Таким образом, Делож, несомненно, очень одаренный человек, едва ли мог создавать идеи или пускаться в логические рассуждения до того, как овладел языком жестов (которому, как это почти всегда бывало у глухих, он научился у другого глухого, в его случае у неграмотного глухонемого человека). Делож, несмотря на свой пытливый ум, оставался интеллектуальным инвалидом, пока не выучил язык жестов и в особенности не освоил то, что британский невролог Хьюлингс‑Джексон, через столетие, в отношении больных с афазией[20], назвал «пропозиционированием» (формированием суждений и высказываний). Этот вопрос стоит прояснить особо, приведя довольно обширную цитату из самого Хьюлингса‑Джексона[21]:

 

«Мы не говорим и не мыслим одними только словами и знаками, мы делаем это, определенным образом соотнося друг с другом слова и знаки. Без правильных взаимоотношений частей вербальное высказывание превратится в последовательность имен, в нагромождение слов, не являющееся суждением или предложением. Единица речи – это предложение. Потеря речи (афазия) является, следственно, потерей способности к составлению предложений, причем не только способности формировать произнесенные вслух предложения, но и способности формировать внутренние предложения. Бессловесный больной теряет речь не только в обиходном значении, то есть в смысле неспособности говорить вслух, но и в более общем смысле. Мы говорим не только для того, чтобы сообщить другим людям свои мысли, но и для того, чтобы сказать себе, что мы думаем. Речь – это часть мышления».

 

Вот почему выше я говорил о том, что ранняя или врожденная глухота намного опаснее, чем слепота. Дело в том, что глухота является состоянием, лишающим человека речи – то есть способности к составлению предложений и суждений, – что можно вполне сравнить с афазией, состоянием, при котором само мышление становится бессвязным и притупленным. Бессловесный глухой и в самом деле становится как бы умственно отсталым. Причем эта отсталость у него весьма особого свойства – он может обладать интеллектом, причем очень мощным, но этот интеллект заперт до тех пор, пока глухой лишен речи и языка. Аббат Сикар совершенно прав, когда поэтично пишет о том, что использование в обучении глухих языка жестов «впервые открывает двери темницы перед их интеллектом».

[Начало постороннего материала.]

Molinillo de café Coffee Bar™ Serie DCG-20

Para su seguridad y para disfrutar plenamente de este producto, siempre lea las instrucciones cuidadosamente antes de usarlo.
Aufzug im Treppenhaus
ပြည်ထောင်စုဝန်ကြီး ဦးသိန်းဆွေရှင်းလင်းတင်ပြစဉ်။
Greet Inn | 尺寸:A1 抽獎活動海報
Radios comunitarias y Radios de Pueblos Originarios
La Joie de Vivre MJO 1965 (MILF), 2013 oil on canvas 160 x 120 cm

Нет более чудесного и славного деяния, чем раскрыть способности и дарования человека, дать ему возможность расти и мыслить, и никто не сказал об этом красноречивее внезапно освобожденного немого Пьера Деложа:

 

«Язык жестов, коим мы пользуемся в нашем общении, является верным образом выражаемого предмета, он великолепно подходит для точного выражения идей и усиливает нашу способность к оценкам, так как вырабатывает в нас привычку к постоянному наблюдению и анализу. Это живой язык: он придает облик чувству и развивает воображение. Ни один другой язык не в состоянии так живо передавать сильные эмоции».

 

Но даже де л’Эпе не знал или не мог поверить, что язык жестов является языком в полном смысле этого слова, языком, способным выразить не только эмоцию, но и любое предложение или суждение, языком, дающим своим носителям возможность обсуждать любые темы – конкретные или абстрактные – так же эффективно и грамматически упорядоченно, как и устная речь[22].

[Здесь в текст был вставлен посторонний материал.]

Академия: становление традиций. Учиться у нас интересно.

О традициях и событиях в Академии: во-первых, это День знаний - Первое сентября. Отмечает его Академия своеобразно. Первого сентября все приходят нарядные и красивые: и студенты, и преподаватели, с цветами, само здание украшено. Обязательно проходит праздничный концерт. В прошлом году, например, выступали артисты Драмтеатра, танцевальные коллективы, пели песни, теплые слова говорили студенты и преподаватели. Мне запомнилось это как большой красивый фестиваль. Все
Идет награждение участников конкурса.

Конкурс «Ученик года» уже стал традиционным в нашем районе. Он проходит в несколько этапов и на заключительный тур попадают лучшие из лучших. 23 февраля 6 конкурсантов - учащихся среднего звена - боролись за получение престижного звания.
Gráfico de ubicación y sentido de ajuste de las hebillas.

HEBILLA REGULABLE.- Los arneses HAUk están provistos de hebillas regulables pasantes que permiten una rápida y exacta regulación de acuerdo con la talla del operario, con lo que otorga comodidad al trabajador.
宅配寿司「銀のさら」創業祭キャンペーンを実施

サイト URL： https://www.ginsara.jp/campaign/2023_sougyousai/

Это понимали, пусть даже не всегда отчетливо, носители языка жестов, но полноценность его всегда отрицалась слышащими и говорящими, которые при всех своих благих намерениях считали жесты чем‑то примитивным, считали сам язык жестов не более чем пантомимой. Подобное заблуждение разделял и де л’Эпе, его и сегодня разделяет подавляющее большинство слышащих. Мы, напротив, должны усвоить, что язык жестов ничем не уступает языку устному, что язык жестов пригоден для строгой речи и поэзии, для философского анализа и объяснения в любви. Причем язык жестов делает все это подчас с большей легкостью, чем язык устной речи. (В самом деле, если слышащие изучают язык жестов в качестве своего первого языка, то они зачастую используют его как предпочтительную альтернативу языку устной речи.)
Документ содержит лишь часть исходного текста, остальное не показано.